Opening up to AI: Learning to trust our AI colleagues

While the value of artificial intelligence is now undoubtable, the question has become how to best use it—and that often boils down to how much workers and end users trust AI tools

Computers were once seen as more or less infallible machines that simply processed discrete inputs into discrete outputs, whose calculations were never wrong. If a problem ever arose in a calculation or business process, it was definitionally caused by human error, not the computer.

But as machines encroach on ever-more humanlike tasks that go beyond basic number crunching and enter the realm of discernment and decision-making via artificial intelligence (AI), the business world is developing a new understanding of what it means to trust machines.

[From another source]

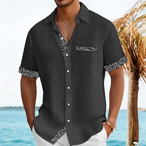 Per uomo Camicia camicia di lino Camicia estiva Abbigliamento mare Maglietta informale Camicia con bottoni Color Block Da mare Curise Nero Bianco Rosa Blu marino Manica corta Bavero Estate

The degree to which businesses and workers learn to trust their AI “colleagues” could play an important role in their business success. Most organizations today say they’re data-driven. Many even call themselves AI-fueled companies.1 There’s plenty of evidence suggesting businesses that use AI pervasively throughout their operations perform at a higher level than those that don’t: Enterprises that have an AI strategy are 1.7 times more likely to achieve their goals than those that lack such a vision.2

Yet the underlying AI tool implemented in a given workflow matters less.3  With cloud vendors increasingly offering prebuilt models, any business can access world-class AI functionality with a few clicks. The top-performing facial recognition vendors ranked by the National Institute of Standards and Technology deliver comparable performance, and they’re all easily accessed through cloud-based services.4 It’s what you do with the tool that’s important—and whether your people, customers, and business trust the results.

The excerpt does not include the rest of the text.